GOP still wants to go after Obamacare, notes TNR's Jonathan Cohn: "Several of the ideas have potential to attract some Democratic votes, perhaps enough to clear the filibuster and end up on the president's desk. But most of the ideas under discussion would also have negative side effects, like raising the deficit or blatantly helping well-connected lobbying groups. That would give the White House a legitimate reason to veto the measures."

What Should Democrats Do?

Obama "won’t pivot to the right" reports Politico: "Obama will strike a tone of compromise and accountability during his public remarks Wednesday ... 'very willing' to start cutting deals, a senior administration official said, possibly on trade, corporate taxes and patent reform ... At the same time, Obama won’t back down from using his administrative powers, including plans to issue an executive order on immigration that could be the most aggressive unilateral action of his presidency ... 'You can’t lose your base,”'a second senior administration official said. 'There are policy things we are going to have to support where the base isn’t there. But you’ve got to keep your eye on your base.'"

Obama should "double down" argues The Nation's Katrina vanden Heuvel: "[Obama should] immediately try to change the subject, in a big way ... undertaking a quick series of high-profile executive actions on issues that the Republican House has not acted upon, and will never pass ... Start with serious immigration reform ... Cancel the Keystone XL Pipeline ... Meet with China and India on climate issues, before the next round of global climate meetings. Set aside big chunks of public land and ocean ... issue a Good Jobs Executive Order that would reward companies that pay their workers a living wage [and] allow them a voice at the workplace..."

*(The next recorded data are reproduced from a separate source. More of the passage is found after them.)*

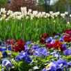 Zestaw zawiera 20 szt. tulipana białego White Wings oraz 2 opakowania nasion bratka wielkokwiatowego - mieszanki.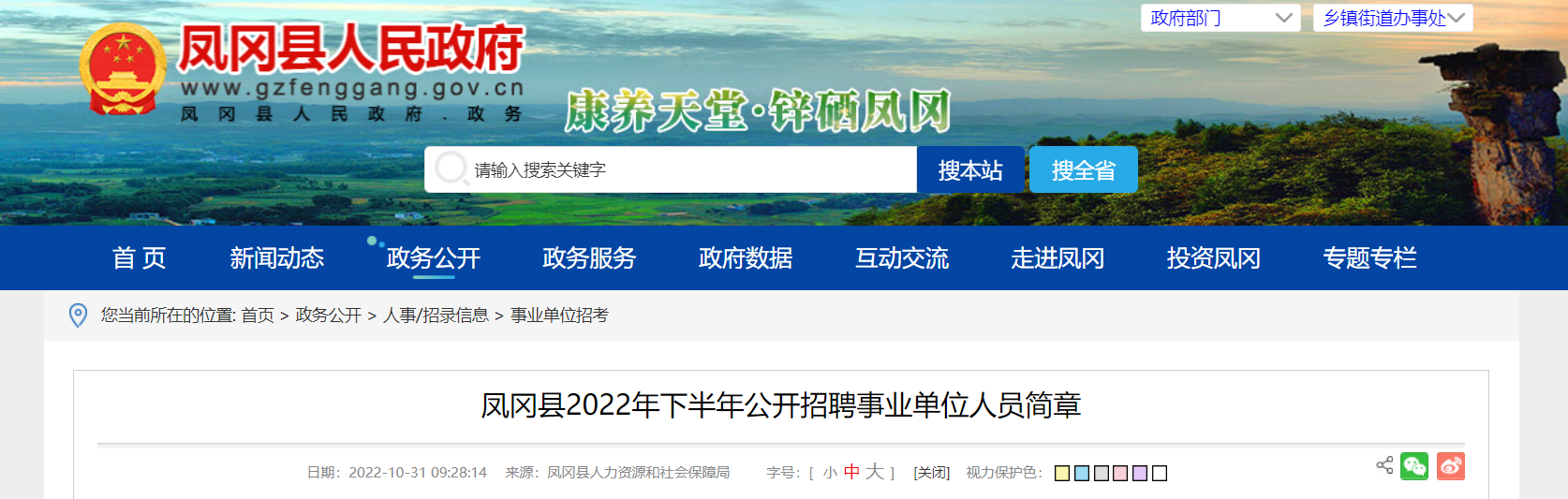 2022下半年貴州省遵義市鳳岡縣招聘事業(yè)單位人員122人, 報名時間:2022年11月9日9:00至11月11日17:00。為了方便考生報考,現(xiàn)將相關信息發(fā)布如下:
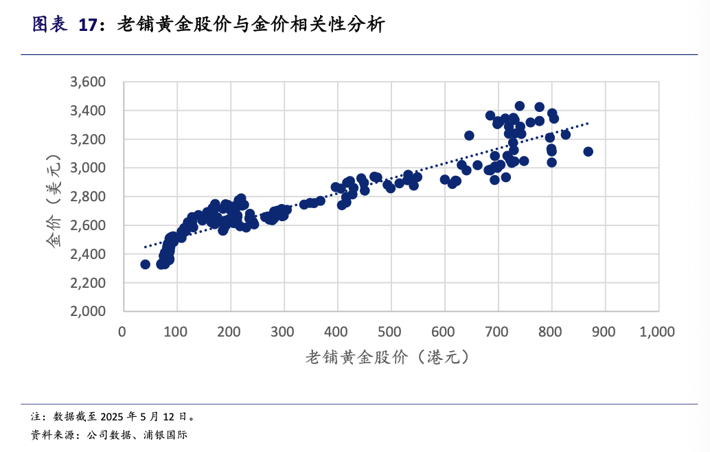 此外,浦银国际的研究显示,老铺的股价与金价之间具有非常高的相关性(相关系数R达到0.94)。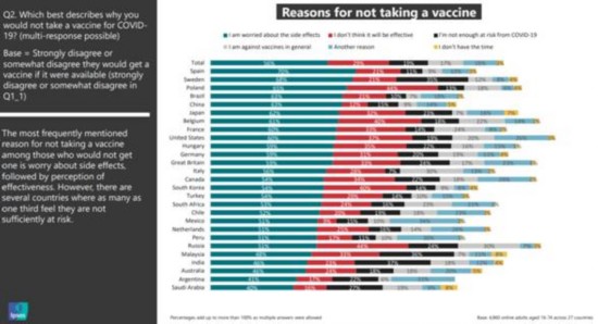 值得注意的是,来自中国的受访者中,97%的人表示愿意在疫苗面市后接种疫苗,这一比例位居27国之首。益普索用“突出”(stand-out)来形容中国受访者的乐观表现。除中国外,巴西、澳大利亚、印度的受访者在这一问题上也表现得较为积极,在27国中分别位列第二、三、四位。而美国受访者表示愿意在疫苗面世后接种的比例为67%。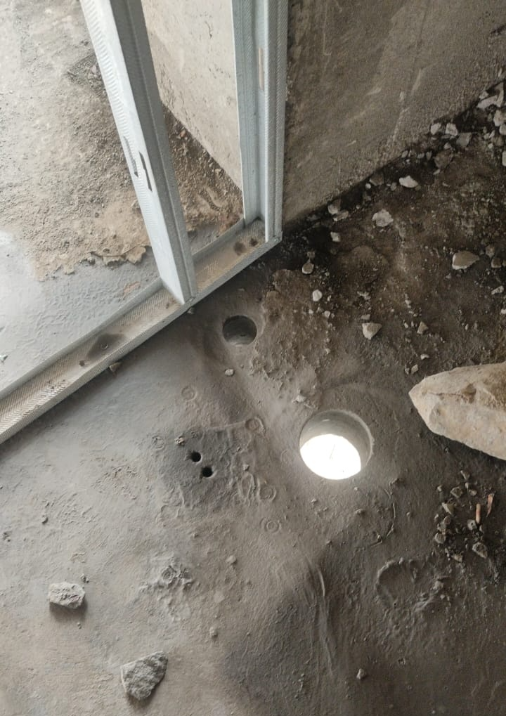 - 구멍이 완성되면 코어 드릴 머신을 서서히 멈추고 비트를 제거.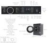 Đồng thời, nắp máy giặt được làm bằng kính chịu lực bền bỉ, sang trọng cùng với nút xoay được mạ gương sáng bóng lẫn phím cảm ứng siêu nhạy trên bảng điều khiển song ngữ Anh - Việt, giúp người dùng thao tác chức năng máy dễ dàng hơn.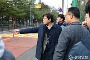 광장일보 나학천 기자 | 수원시 영통구는 지난 9일 ‘새빛만남, 수원 마음을 듣다’에서 주민들이 건의한 통학로 개선 요구사항을 확인하기 위해 잠원초등학교 인근(동수원자이1차 후문 일원)과 망포1동 행정복지센터 앞 도로의 차량 통행 불편 사항을 관계부서와 함께 현장 점검했다고 밝혔다. 먼저 잠원초 통학로 구간에서는 주민들이 제기한 불법주정차 상습 발생, 인도·차도 경계 불명확, 보행 안전 저해 요소를 해소하기 위해 ▲경계석 높이 조정 ▲2~3m 구간 휀스 제거 ▲바닥 노란색 도색을 통한 보행 동선 시인성 강화 ▲추가 횡단보도 설치 등이 검토됐다. 또한 망포1동 행정복지센터 앞 도로에서는 신영통 방향에서 행정복지센터로 진입 하는 차량 통행이 원활하지 않다는 민원사항을 파악하여 ▲기존 횡단보도 위치 조정 ▲좌회전 신호 신설을 위한 경찰서 심의 ▲행정복지센터 화단 일부 제거 ▲중앙선 절선(일부 개방) 등이 현장에서 논의됐다. 장수석 영통구청장은 “주민들께서 주신 의견을 토대로 필요한 조치가 이루어질 수 있도록 관계부서와 함께 최선을 다하겠다”며 “앞으로도 주민의 일상과 가까운 현장을 중심으로 공감하는 행정을 이어가겠다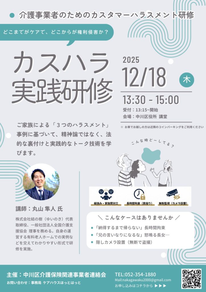 去る2025年12月18日(木)、中川区役所講堂にて、当連絡会主催の「介護事業者のためのカスタマーハラスメント実践研修」を開催いたしました。当日は多くの事業者様にご参加いただき、盛況のうちに終了いたしましたことをご報告申し上げます。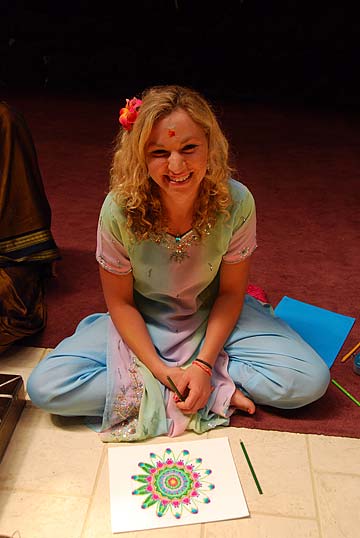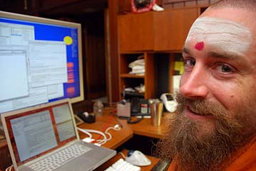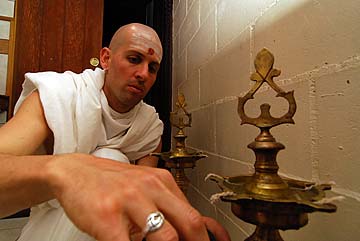 Sadhaka Tejadevanatha hard at work in the back room preparing items for the puja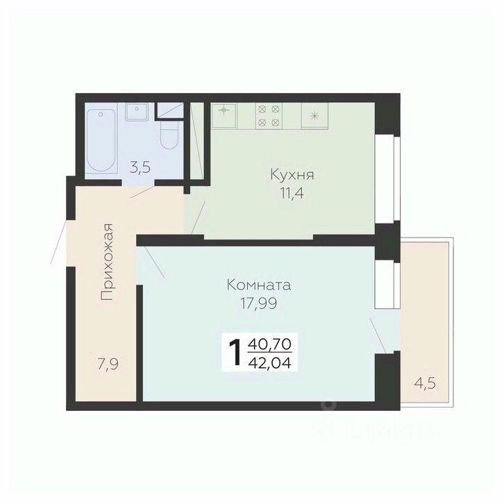 Общая площадь42,04 м2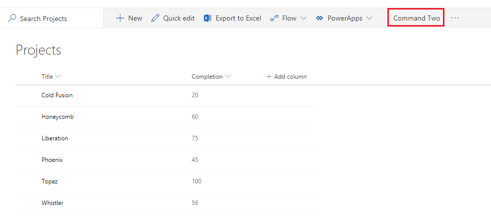 { "$schema": "https://developer.microsoft.com/json-schemas/core-build/serve.schema.json", "port": 4321, "https": true, "serveConfigurations": { "default": { "pageUrl": "https://contoso.sharepoint.com/sites/ModernCommunicationBlank/Lists/Projects/AllItems.aspx", "customActions": { "78c7b88e-c176-4694-b95d-1b371279b6e8": { "location": "ClientSideExtension.ListViewCommandSet.CommandBar", "properties": { "sampleTextOne": "One item is selected in the list", "sampleTextTwo": "This command is always visible." } } } }, "modalDialog": { "pageUrl": "https://contoso.sharepoint.com/sites/ModernCommunicationBlank/Lists/Projects/AllItems.aspx", "customActions": { "78c7b88e-c176-4694-b95d-1b371279b6e8": { "location": "ClientSideExtension.ListViewCommandSet.CommandBar", "properties": { "sampleTextOne": "One item is selected in the list", "sampleTextTwo": "This command is always visible." } } } } } } -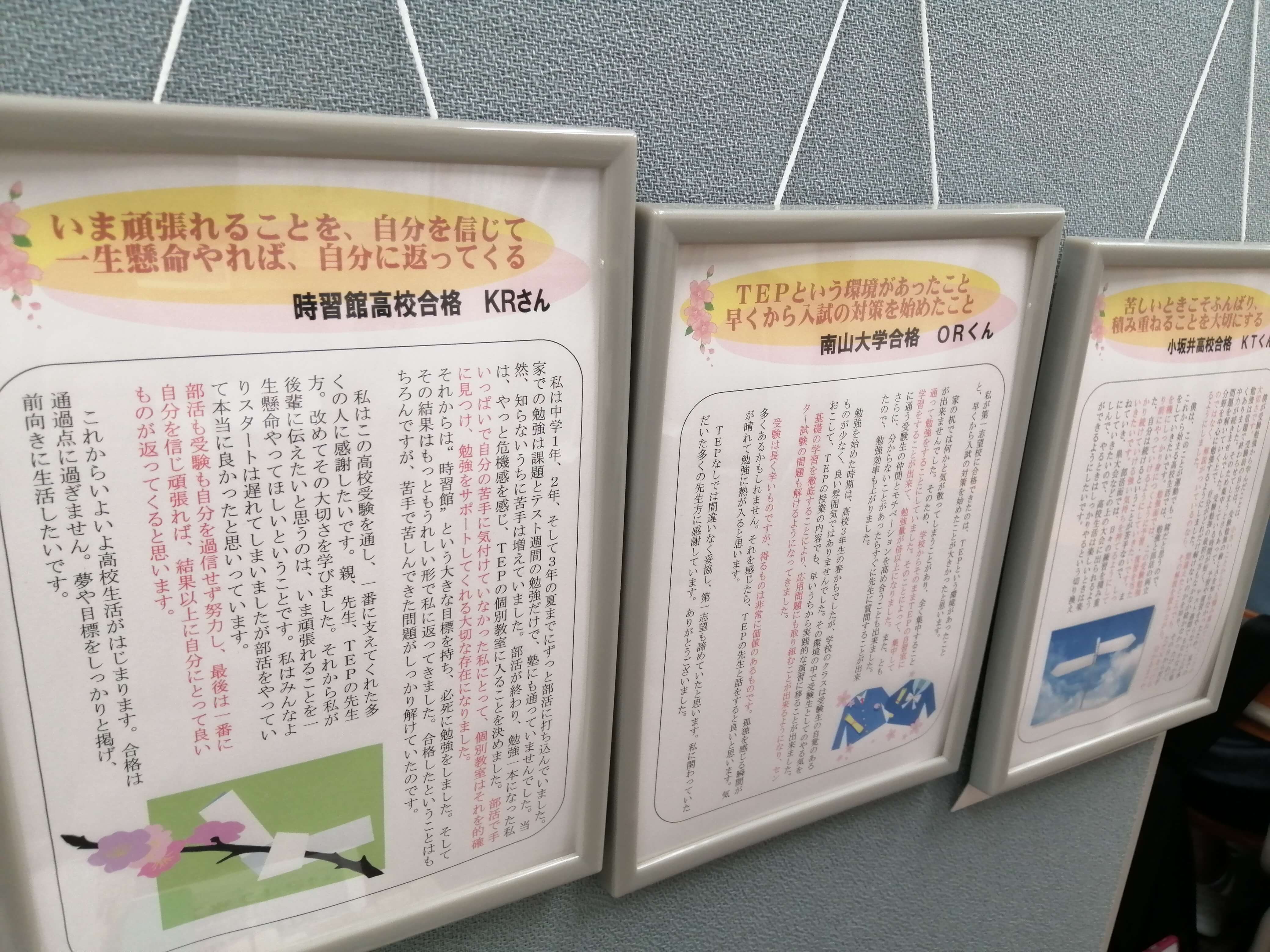 A. "数学の授業ではチャートを取り入れながら取り組み、数学の解法などに沢山ふれて問題に慣れる事ができ、とても良かったです。 TEPはすごくアットホームな雰囲気で、すごく勉強がはかどりました。とても良い環境で勉強できたと思うのですごく感謝しています"

Democrats need a "new agenda," says American Prospect's Harold Meyerson: "A defeat of this magnitude suggests that the Democrats are in the same fix as most of the center-left parties of Europe—parties that purport to be the economic advocates of the middle and working classes, but preside over abysmal economies with no clear sense of how to make them better ... How do they deliver for an embattled middle class in a globalized, de-unionized, far-from-full-employment economy, where workers have lost the power they once wielded to ensure a more equitable distribution of income and wealth? What Democrat, besides Elizabeth Warren, campaigned this year to diminish the sway of the banks?"